Repo card metadata block was not found. Setting CardData to empty.


Resolving data files:   0%|          | 0/183 [00:00<?, ?it/s]

### 3.4 - Defining the training loop

We now have all the elements to write our training loop. One obvious limitation of training our own language model is the memory limits on the GPUs we will use. Even
on a modern graphics card you can’t train a model at GPT-2 scale in reasonable time.

In this tutorial we will implement a training loop with PyTorch lightning, which simplifies the process and makes it more scalable.

#### 3.4.1 - Create Lightning Data Module

In [47]:
class CodeParrotDataModule(pl.LightningDataModule):

    def __init__(
        self, 
        tokenizer, 
        seq_length, 
        num_of_sequences, 
        chars_per_token,
        train_batch_size,
        val_batch_size,
        shuffle_buffer,
        seed,
        num_workers, 
        debug
    ):
        super().__init__()
        self.tokenizer = tokenizer
        self.seq_length = seq_length
        self.num_of_sequences = num_of_sequences
        self.chars_per_token = chars_per_token
        self.train_batch_size = train_batch_size
        self.val_batch_size = val_batch_size
        self.shuffle_buffer = shuffle_buffer
        self.seed = seed
        self.num_workers = num_workers
        self.debug = debug

    # Multiple GPU
    def setup(self, stage):
        # Load data
        train_data = load_dataset('transformersbook/codeparrot-train', split="train", streaming=True)
        # This shuffles the Python files that will then be concantenated to form the "buffer" in the ConstantLengthDataset
        train_data = train_data.shuffle(buffer_size=self.shuffle_buffer, seed=self.seed)
        valid_data = load_dataset('transformersbook/codeparrot-valid', split="validation", streaming=True)
        
        # Create ConstantLengthDataset, which have an internal buffer
        # to avoid the necessity of padding and the bias of dropping the last part of Python files
        self.train_ds = InfiniteConstantLengthDataset(tokenizer, train_data, seq_length=self.seq_length, text_attribute_name="content", debug=self.debug)
        self.val_ds = InfiniteConstantLengthDataset(tokenizer, valid_data, seq_length=self.seq_length, text_attribute_name="content", debug=self.debug)
        
    def train_dataloader(self):
        return DataLoader(
            dataset=self.train_ds,
            batch_size=self.train_batch_size,
            num_workers=self.num_workers
        )

    def val_dataloader(self):
        return DataLoader(
            dataset=self.val_ds,
            batch_size=self.val_batch_size,
            num_workers=self.num_workers
        )

#### 3.4.2 - Create Lightning Model Module

In [44]:
class GPT2LightningModule(pl.LightningModule):
    def __init__(self, tokenizer, learning_rate, model_checkpoint="gpt2"):
        super().__init__()
        self.tokenizer = tokenizer
        self.learning_rate = learning_rate

        config = AutoConfig.from_pretrained(model_checkpoint, vocab_size=len(tokenizer))
        self.model = AutoModelForCausalLM.from_config(config)
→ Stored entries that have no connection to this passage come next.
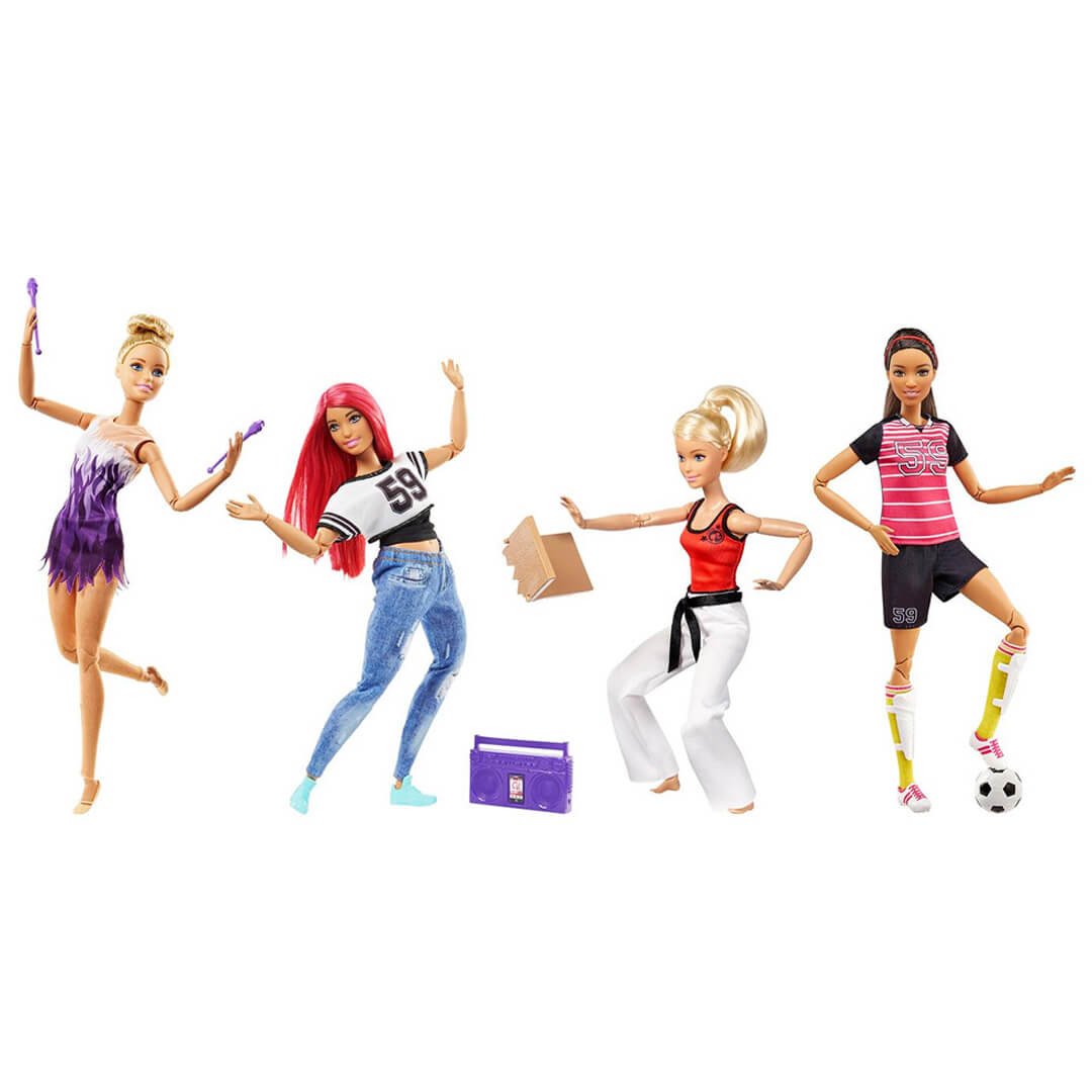 Ким хоче стати дитина, коли виросте? Може спортсменкою? У неї є шанс спробувати себе у професії ще в дитинстві. Ігровий набір “Спортсменка Барбі” створено для дітей від 3-х років. Серія представлена чотирма тематичними комплектами. В залежності від моделі Барбі може бути футболісткою, гімнасткою, каратисткою чи скейтбордисткою. До комплекту, крім ляльки, входять тематичні аксесуари. Лялька заввишки 29 см виготовлена з якісного міцного пластику. Має звичайні пропорції жіночого тіла та унікальні риси обличчя. У Барбі розкішне довге волосся та виразні очі. Руки і ноги ляльки рухаються, голова повертається. Кожен комплект продається окремо. Гра з ляльками Barbie розвиває естетичний смак та фантазію. Вчить дитину піклуватися, поважати спорт. Артикул 792366.
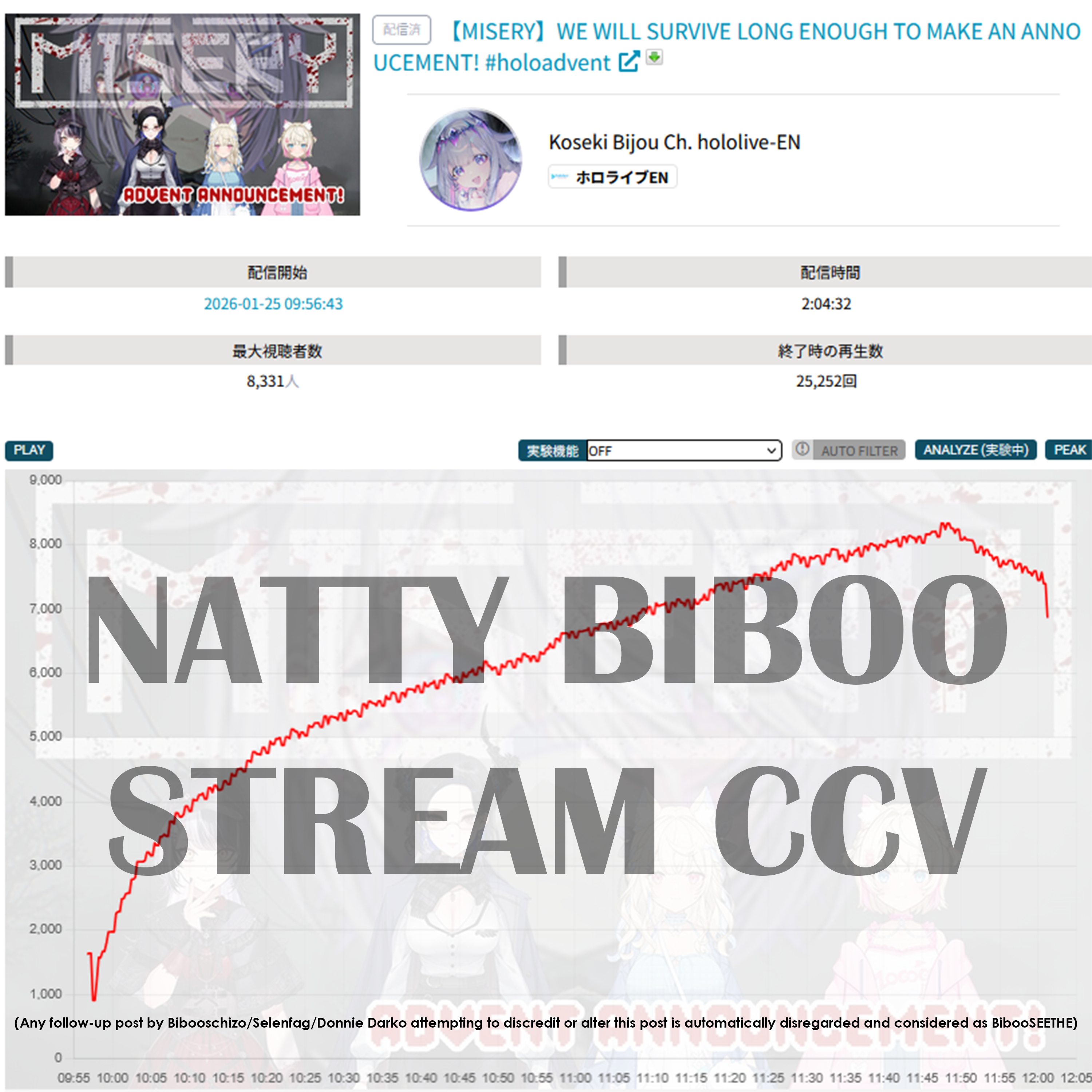 If you bot a streamer from 5k viewers to 10–15k, it won’t be noticeable. In fact, it might boost their popularity because they already have enough real viewers who engage with the stream and on social media, especially since VTuber audiences are very active. The new botted numbers will attract more viewers and, in turn, more potential subscribers. Do this for years and you’ll be 1st army.
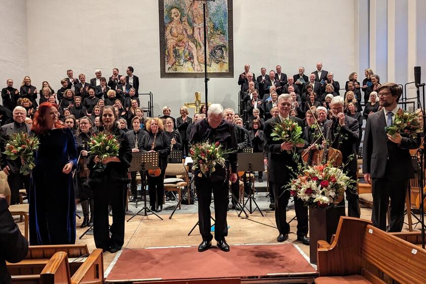 Das alles aber war während des Konzerts vergessen! Erneut durften wir uns am Chor und Orchester der Alumni des Christianeums unter der Leitung von Dietmar Schünicke erfreuen; zur Aufführung kamen Felix Mendelssohn Bartholdys Psalm 42 und die Harmoniemesse von Joseph Haydn.
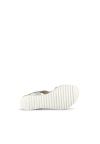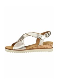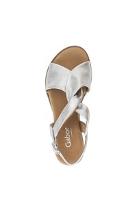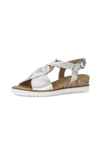 Sandalia de mujer de cuero plateado con tiras cruzadas, cuña de corcho, suela blanca con relieves y hebilla ajustable en el talón.
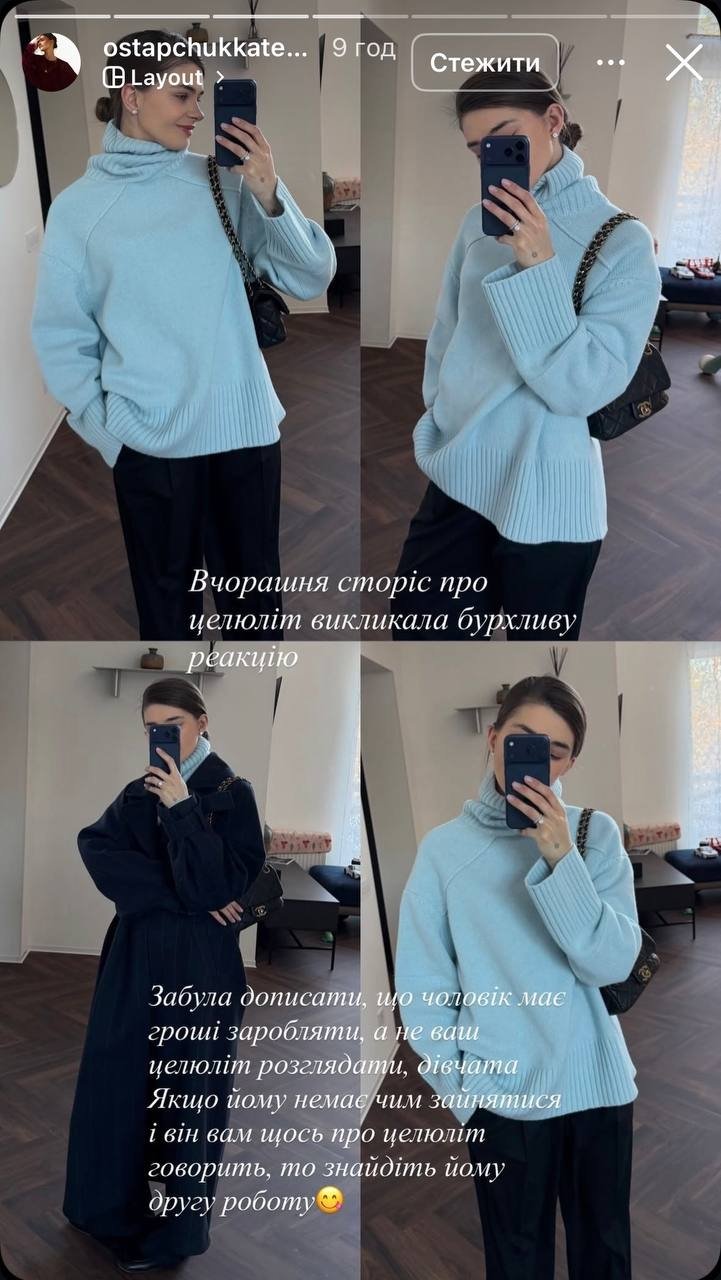 Катерина Остапчук про целюліт. Скрин: instagram.com/ostapchukkaterynaa
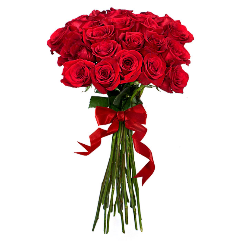 Букет состоит из 21 красная роза, прозрачная упаковка, атласная лента.
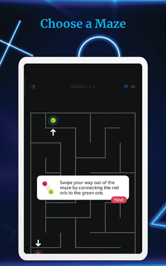 Welcome to Maze Craze, your one stop app for classic maze and labyrinth puzzles! Packed with custom created mazes, Maze Craze is a challenging collection of 6 different difficulty levels with over a thousand mazes to solve. The mazes start simple to get your feet wet, then progress to harder and harder labyrinths. (PRO TIP: You can skip ahead to harder levels once you complete a certain number of easy mazes in each level!) Each maze is designed to be played at your own pace, with no time limits or restrictions. Finish a round in one sitting or pause it and come back later, and because no wifi is necessary these puzzles are great for playing offline.
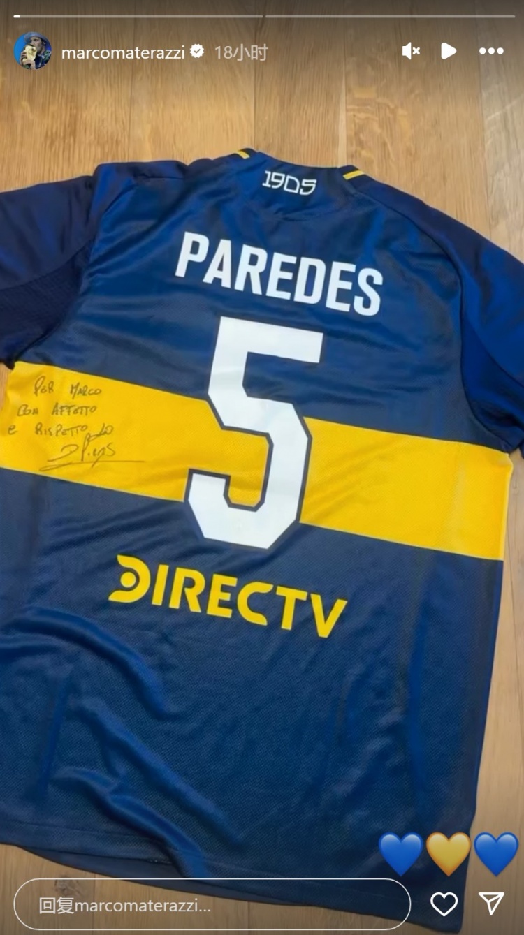 马特拉都获赠帕雷德斯的博卡后生球衣、迪巴拉的阿根廷球衣,他在支吾媒体上晒出球衣的视频,对两东谈主暗示感谢。
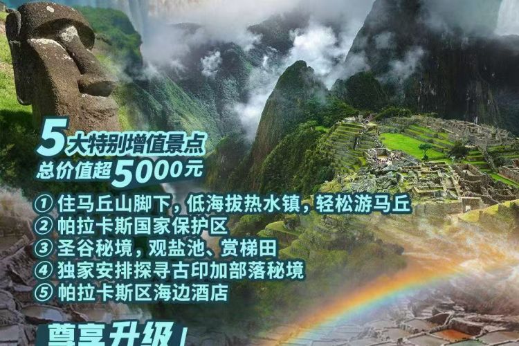 | 2、交通:前往 PISCO 路途遥远,行车时间长达数小时, 建议早餐如不晕车多吃些,午餐通常排队坐完小飞机后进行,时间比较晚。 3、治安:良好, 较安全, 不过 18:00 以后尽量不要前往老城区。 4、通讯:开通国际漫游即可接听和接打电话。
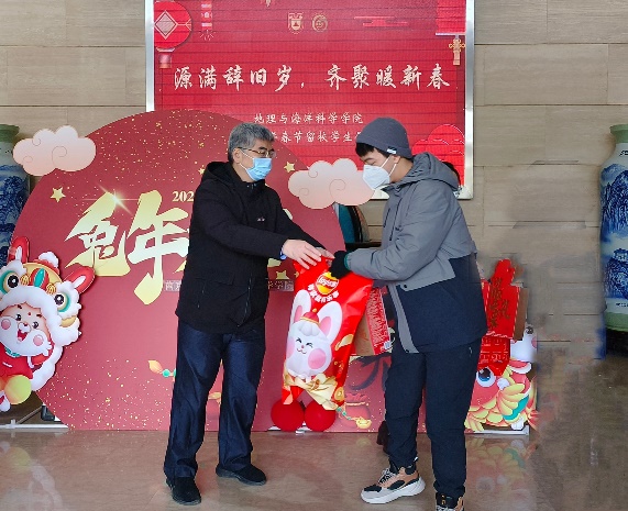 时至年关岁末,为加强对留校学生的关怀和帮助,2023年1月16日下午,博彩论坛 在仙林校区昆山楼举行“源满辞旧岁,齐聚暖新春”2023春节留校学生慰问活动。博彩论坛 党委书记李满春,院长鹿化煜,副院长王先彦、金晓斌,党委副书记陈卉,海洋科学系主任高建华,研究生辅导员牛战胜、张馨予齐聚昆山楼大厅,向同学们送去新春祝福和节日问候。
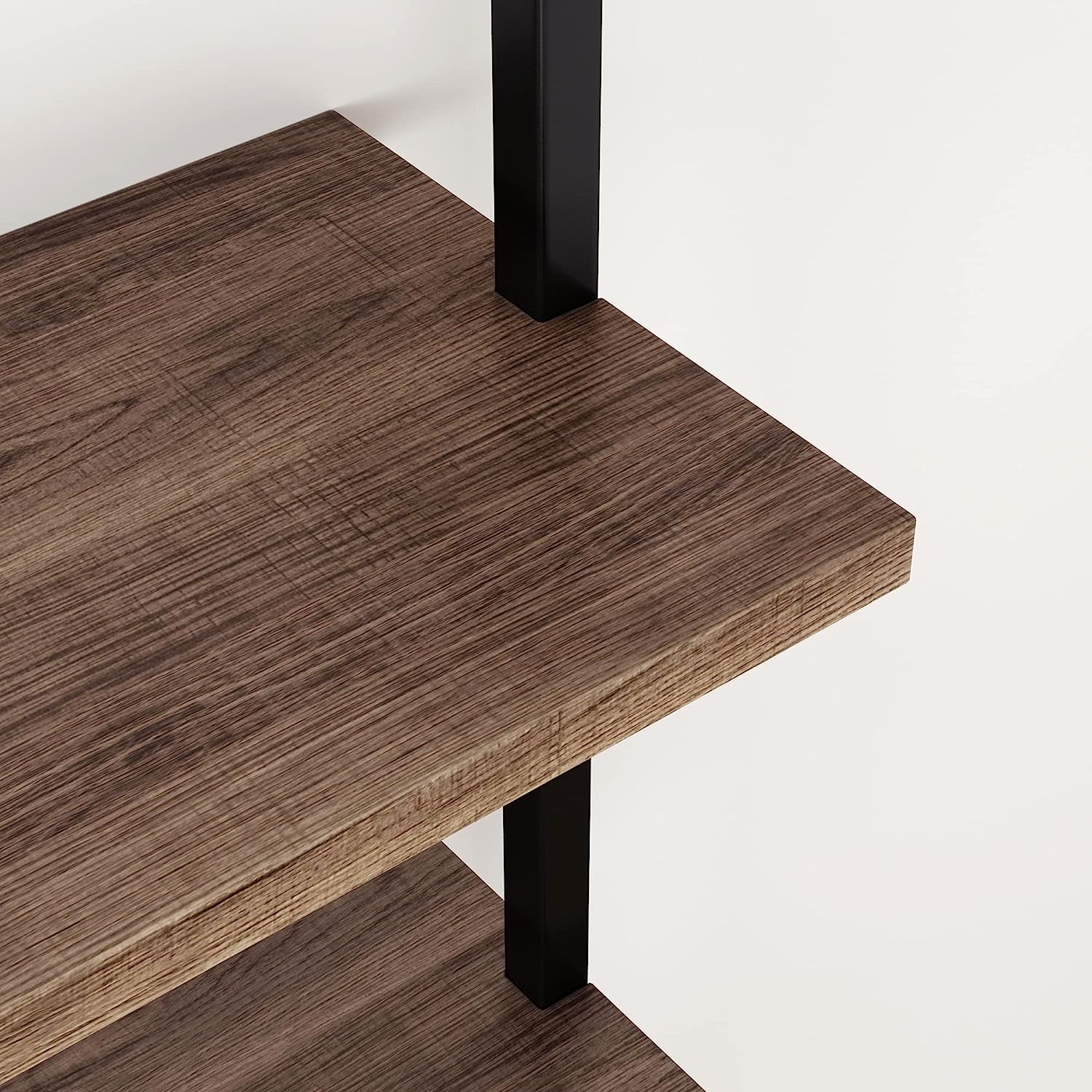 - This floating bookshelf is a space-saving shelving unit with a rustic industrial style thanks to its oak wood shelves and matte metal frame
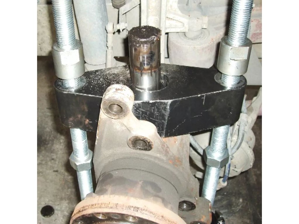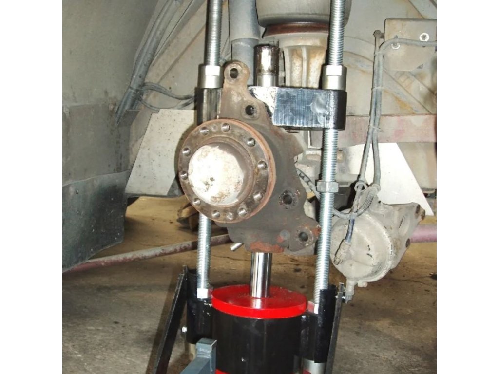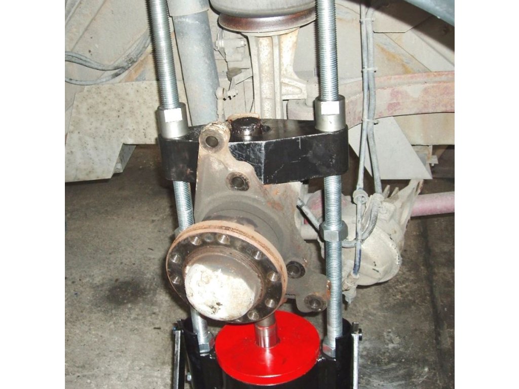 Zařízení je určeno k vylisování svislých čepů nákladních automobilů a autobusů přímo na nápravě vozu. Toto zařízení výrazně urychlí a usnadní práci.
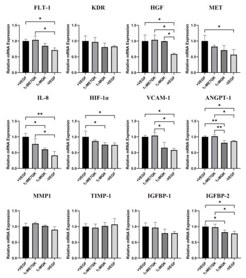 RNA was isolated from HUVECs using the NucleoSpin RNA kit (Macherey-Nagel, Hoerd, France) according to the manufacturer’s guidelines. After isolation, RNA was quantified using a Nanodrop micro-volume spectrophotometer (Invitrogen/Thermo Fisher Scientific, Waltham, MA, USA). Then, cDNA synthesis was performed using the SuperScript™ VILO™ cDNA synthesis kit according to the instructions of the manufacturer (Invitrogen/Thermo Fisher Scientific, Waltham, MA, USA). To quantify mRNA expression levels, the real-time LightCycler System (Roche Diagnostics, Mannheim, Germany) was used. For the PCR reactions, DEPC-treated water, DNA Master SYBR Green I kit (Roche, Mannheim, Germany), and commercial primer kits (FLT-1, KDR, HGF, MET, IL-8, HIF-1α, MMP-1, TIMP-1, IGFBP-1, IGFBP-2, VCAM-1, and ANGPT-1) from Search LC (Heidelberg, Germany) were used for 40 amplification cycles of the target cDNA following the manufacturer’s instructions. The target gene transcript levels were normalized to those of the housekeeping gene GAPDH. X-fold induction values were calculated related to the corresponding control. All cDNA samples (from 3 independent experiments) for each experimental group (+VEGF (positive control), 1 µM E7-QK, 1 µM QK, −VEGF (negative control)) were analyzed in triplicates.
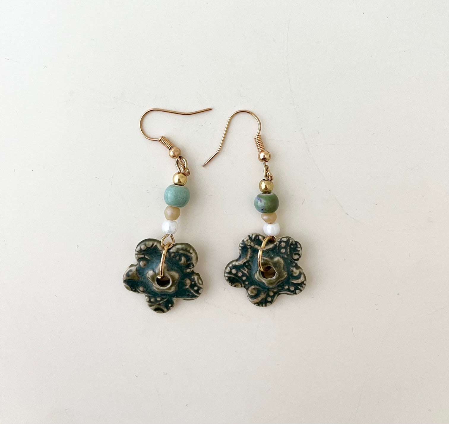 Create these unique earrings with our studio made flower bead and high quality glass beads.

    def forward(self, input_ids, attention_mask=None, labels=None):
        return self.model(input_ids, attention_mask=attention_mask, labels=labels)

    def _common_step(self, batch):
        # We automatically pass a Tensor, it is not a dictionary since there are no labels or attention_mask
        input_ids = batch
        labels = batch

        outputs = self(input_ids, labels=labels)
        loss = outputs.loss

        return loss

    def training_step(self, batch, batch_idx):
        loss = self._common_step(batch)

        self.log_dict(
            {
                "train_loss": loss,
            },
            on_step=False,
            on_epoch=True,
            prog_bar=True,
            logger=True,
        )
        return loss

    def validation_step(self, batch, batch_idx):
        loss = self._common_step(batch)

        self.log_dict(
            {
                "val_loss": loss,
            },
            on_step=False,
            on_epoch=True,
            prog_bar=True,
            logger=True,
        )
        self.validation_step_outputs = [{"val_loss": loss}]

    def configure_optimizers(self):
        optimizer = torch.optim.AdamW(self.parameters(), lr=self.learning_rate)
        return optimizer

    def on_validation_epoch_end(self):
        val_loss = torch.stack(
            [x["val_loss"] for x in self.validation_step_outputs]
        ).mean()
        perplexity = torch.exp(val_loss)
        self.log("val_perplexity", perplexity, prog_bar=True)

    def generate_text(self, input_text, max_length=50, temperature=1.0):
        """
        Generate text given an initial input string using the trained GPT-2 model.

        Args:
            input_text (str): The initial input text.
            max_length (int): Maximum length of the generated text.
            temperature (float): Sampling temperature (higher values increase randomness).

        Returns:
            str: The generated text.
        """
        # Tokenize the input text
        input_ids = self.tokenizer.encode(input_text, return_tensors="pt")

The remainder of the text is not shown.